Good point, I hadn't thought of that. Thanks!


As go_prodev indicated, the former just isn't how you reason about data modeled in a relational form.

The latter makes little sense. What constraints are you placing on a college that do not also apply to a highschool, given they're both schools?

> The other thing in the grandparent's comment that's a constant pain in SQL is representing an ordered list: how do you insert items into the middle of the list? Depending on your database, it can also be painful to renumber the other items.

I'm unclear on what you mean by this. If you want a list of records ordered in a certain fashion, there's an entire "ORDER BY" clause for that express purpose. If you're trying to add "extra" data into the middle of some list that is not otherwise represented in the data in the database, that's essentially business logic and you should be using some kind of custom view or procedure to do that or doing it inside your application code.

If it's just a question of how you add data into the middle of a resultset from actual data in a table based on some arbitrary ordering, you can do that too, people solved that problem ages ago by simply having an ORDER column or similar that's just an int with whatever likeliest precision you get, e.g.: default might be 1000 and then if need be you can insert 999 items between two others before needing to do a re-numbering on the column. These are dumb tricks but needing to "insert a record between two other records" is often also a dumb trick someone is trying to do in the database because they haven't designed things well elsewhere.

I'd venture the 99.9% case is querying real live data in the database and ordering it by factual things like record names, dates of update or creation, status, etc.
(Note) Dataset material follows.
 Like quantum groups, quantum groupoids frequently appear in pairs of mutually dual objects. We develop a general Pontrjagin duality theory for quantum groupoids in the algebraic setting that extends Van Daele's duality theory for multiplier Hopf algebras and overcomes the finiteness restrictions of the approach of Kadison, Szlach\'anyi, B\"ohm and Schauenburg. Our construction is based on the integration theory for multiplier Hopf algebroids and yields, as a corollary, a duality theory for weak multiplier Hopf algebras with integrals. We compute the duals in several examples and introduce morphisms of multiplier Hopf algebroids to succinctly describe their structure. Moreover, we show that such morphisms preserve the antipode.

That's exactly it though: having to do dumb tricks is the painful part. There's plenty of things with user-defined order where an explicit index isn't surfaced, like to-do lists, playlists, etc.


A user-defined order is an explicit index.
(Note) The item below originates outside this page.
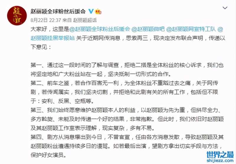 毕竟真金白银地为自己的偶像花了钱了,多少也是可以发表自己的意见的,但是以这样的方式要求明星作出承诺似乎就越界了。晚些时候赵丽颖工作室也发了一条长文回应此事,希望粉丝可以理智,结束这场对赵丽颖的“绑架”,更多地去关注作品。
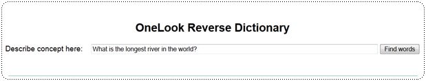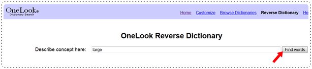ก่อนอื่น พี่มิ้นท์ต้องมีตัวช่วยค่ะ สำหรับเครื่องมือในวันนี้ พี่มิ้นท์ขอยกความดีความชอบให้กับโปรแกรม OneLook Reverse Dictionary ซึ่งโปรแกรมนี้เป็นโปรแกรมคล้ายๆ ดิคชันนารี แต่ที่พิเศษไปกว่าปกติ คือ ผลของการเสิร์ชจะออกมาเป็นคำศัพท์ที่เกี่ยวข้อง ทั้งทางตรงและทางอ้อม โดยสิ่งที่เสิร์ชนั้นสามารถใส่ได้ทั้ง "คำศัพท์" "วลี" หรือเป็น "ประโยค" เลยก็ได้ เค้าหามาให้เราได้หมดค่ะ อยากเล่น คลิกเลย คราวนี้พี่มิ้นท์จะมาสาธิตความเจ๋งให้ดูแบบละเอียดยิบ

EDIT: To expand further, I would generally model a playlist as its own tables anyways. Something like:

  CREATE TABLE playlist (
    id ID_TYPE_FOR_DB PRIMARY KEY,
    name varchar(4096), /* Or whatever storage size makes sense */
  )

  CREATE TABLE playlist_entry (
    id ID_TYPE_FOR_DB PRIMARY KEY,
    song_ref ID_TYPE_FOR_DB FOREIGN KEY REFERENCES songs(id),
    order INT, /* Or bigint or whatever you want */
  )


> How can you ensure that a school is either a college or high_school but not both?

Do you have any real world scenarios where you've faced this problem?
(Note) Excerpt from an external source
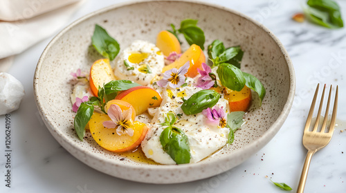 peach, salad, basil, creamy, food photography, delicious, healthy, epicure, receipe, cooking, fresh, bowl, olive oil, speckled, white, table, meal, dinner, lunch, dessert, culinary, gastronomy

In your example, you wouldn't model it like that. A school just needs an attribute that identifies the type of school (high school or college), and other attributes that would be common to both.

I'm sure there's lots of examples but it's late and I'm struggling to think of one that a good normalized data model couldn't handle.


I'm modeling the GP's comment, but I think a common case is something like a polymorphic user/organization entity like GitHub: there is some kind of base user that is usable in a lot of places (e.g. https://github.com/<username>) but there's also a load of distinct organization-specific fields and a load of distinct user-specific fields.


Not to mention actually using this schema ends up being really verbose since you have to do a bunch of joins. Additionally, besides being verbose, these joins can wreak havoc with the optimizer since join optimization is exponential. The optimizer might play nicely and just join all these on the ID column in whatever query you're doing, but that is very dependent on how the optimizer understands the input queries. Having a single table instead of 3 limits the number of ways the optimizer can think about a particular query.


> How can you ensure that a school is either a college or high_school but not both?

If the DBMS supports it, you can add check constraints that query the other tables. See for example here: https://stackoverflow.com/a/2588427


You add a xor non null check on the foreign keys?